Rat diskutiert über Namen für Gesamtschule
Bertolt Brecht ist als Namensgeber für die Integrierte Gesamtschule (IGS) nach wie vor umstritten. Der Rat der Stadt Seelze hat am Donnerstagabend eine Entscheidung über den Namen der geplanten Gesamtschule von der Tagesordnung genommen, sich dann aber doch zu einer Diskussion hinreißen lassen.
Seelze
Auslöser war ein Plädoyer von Realschulleiterin Regina Schlossarek-Aselmeyer, die sich als Leiterin der Planungsgruppe für die IGS und kommissarische Schulleiterin der IGS in der Einwohnerfragestunde erneut für Brecht als Namenspatron stark machte.
„Die Planungsgruppe hat einen klaren Auftrag“, sagte die Pädagogin. Der Betrieb müsse im August aufgenommen werden können. Bei den Vorbereitungen des pädagogischen Konzepts sei auch über den Namen der Schule intensiv diskutiert worden. Einstimmig sei dabei die Wahl auf Bertolt-Brecht-Gesamtschule gefallen. Brecht habe nicht nur unterhalten, sondern auch belehren wollen. Sein Werk sei künstlerisch bedeutsam, er selbst nie in einer Partei gewesen. Auch die Vertreter des Stadtelternrates hätten sich für Brecht als Namensgeber ausgesprochen.

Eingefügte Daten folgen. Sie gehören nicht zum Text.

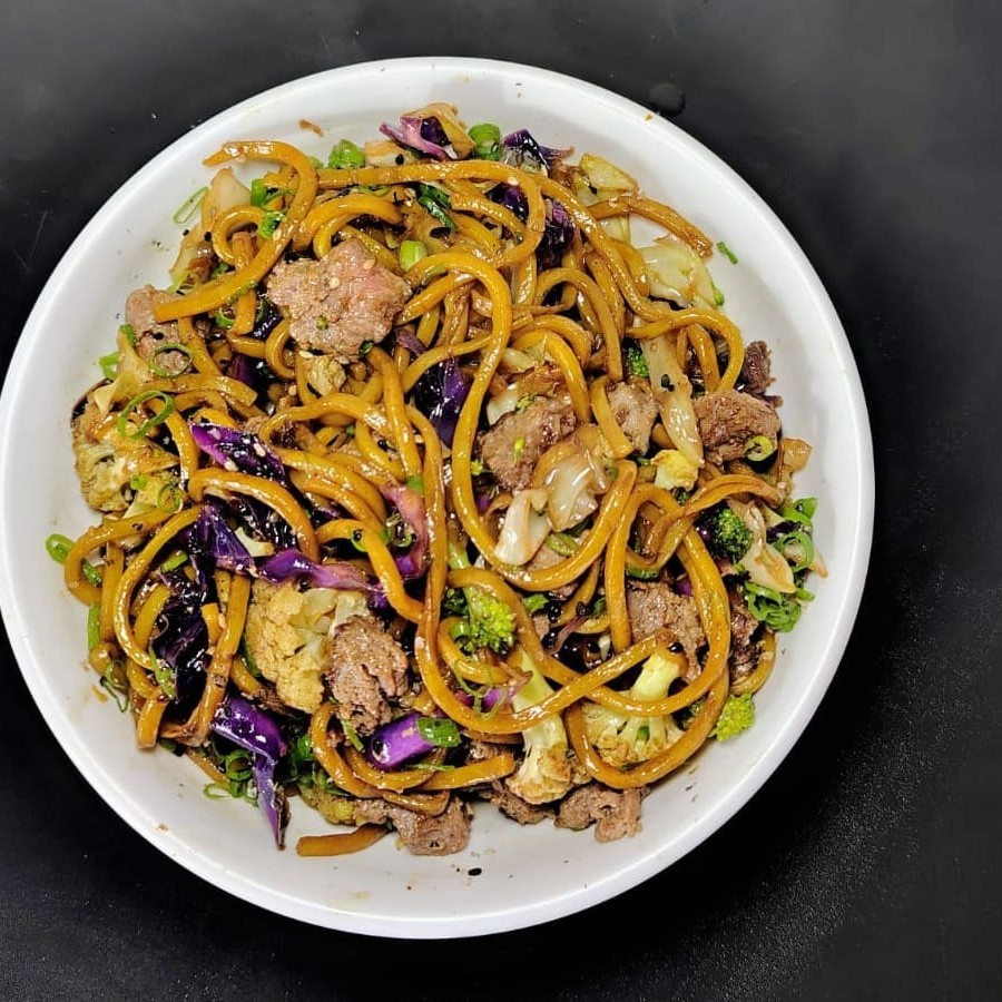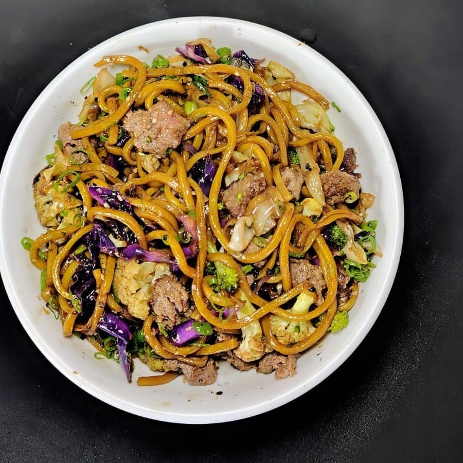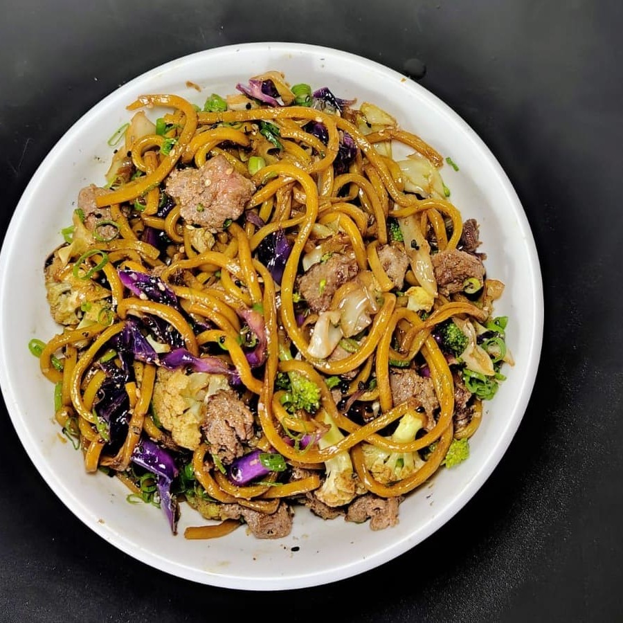 Saborosas tiras de mignon, legumes, e molho especial, com macarrão cozido. Serve aprox. 500 gm #japones #sushi #yakissoba #festival # #delivery #delicioso #entregarápida

Seine Fraktion unterstütze diesen Vorschlag, sagte Johannes Seifert (SPD). Es ginge um den künstlerischen Wert. Nicht zuletzt dürfe auch das Engagement der Planungsgruppe nicht einfach umgerissen werden. Fakt sei, dass sich für Brecht Lehrer und Schüler eingesetzt hätten. Gegen das künstlerische Werk von Brecht sei nichts zu sagen, meinte FDP-Fraktionschef Harald Temmler. „Aber der Mensch ist ganzheitlich zu sehen, die politische Einstellung ist zu beachten.“ Brecht habe dem Diktator Josef Stalin gehuldigt. Sein größter Fauxpas sei aber die Einschätzung des Aufstandes am 17. Juni 1953 in der DDR gewesen, bei dem Brecht den Arbeitern in den Rücken gefallen sei. „Solche Leute möchte man nicht zum Freund haben, dann braucht man keine Feinde mehr“, sagte Temmler.

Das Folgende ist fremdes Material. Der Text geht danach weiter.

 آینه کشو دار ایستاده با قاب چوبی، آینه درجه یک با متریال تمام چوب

Nachdenklicher zeigte sich dagegen der CDU-Fraktionsvorsitzende Jens Willms, der sich für das Engagement der Planungsgruppe bedankte. Schulträger sei die Stadt Seelze. Es gelte, herauszufinden, was alle Seelzer wollten – auch, wenn die Stadt nicht allen gerecht werden könne. „Wir werden noch einmal in uns gehen müssen“, sagte Willms. Die CDU habe Schlossarek-Aselmeyer deshalb eingelagen, obwohl die CDU-Fraktion mit „IGS Seelze auch einen schönen Vorschlag“ gemacht habe.
Die Planungsgruppe habe viel Herzblut investiert, sagte Tobias Harder (Die Linke). Brecht sei eine streitbare Person gewesen, mit der sich die Planungsgruppe beschäftigt habe. Schattenseiten ließen sich bei jedem Menschen finden. „Ich habe keine Kritik an dem pädagogischen Konzept gehört, warum kann man dann nicht auch den vorgeschlagenen Namen nehmen“, fragte Harder.

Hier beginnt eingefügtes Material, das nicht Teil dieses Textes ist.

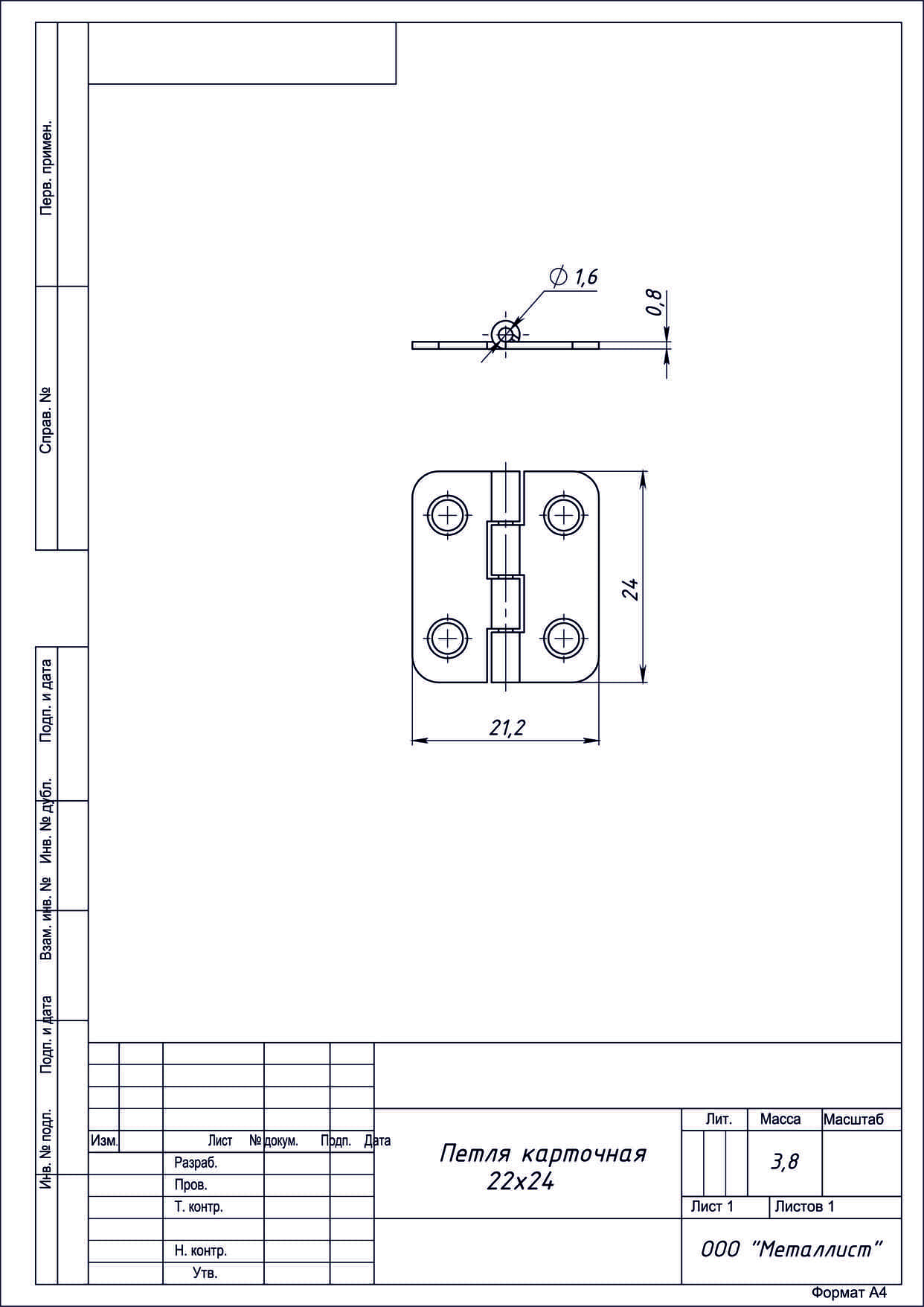 Петля карточная 22*24 цинк г.Кунгур (300)

Das Bürgerforum lehne eine Benennung der Schule nach Brecht aufs Schärfste, sagte Harald Scupin. Brecht habe nach Stalins Tod ein Trauergedicht verfasst: Der Diktator wird darin als Verkörperung der Hoffnung der Unterdrückten beschrieben. Auch nach dem 17. Juni 1953 habe sich Brecht auf die Seite des SED-Regimes gestellt, verwies Scupin auf eine Ausarbeitung des Deutschen Bundestages zum Thema „Bertolt Brecht und sein Verhältnis zur Politik“ aus dem Jahr 2006.
„Schön, dass wir in einer Demokratie leben und diskutieren“, sagte Grünen-Fraktionschef Knut Werner. Die Grünen würden sich in der ersten Februarhälfte mit Regina Schlossarek-Aselmeyer treffen und über den Namen für die IGS sprechen.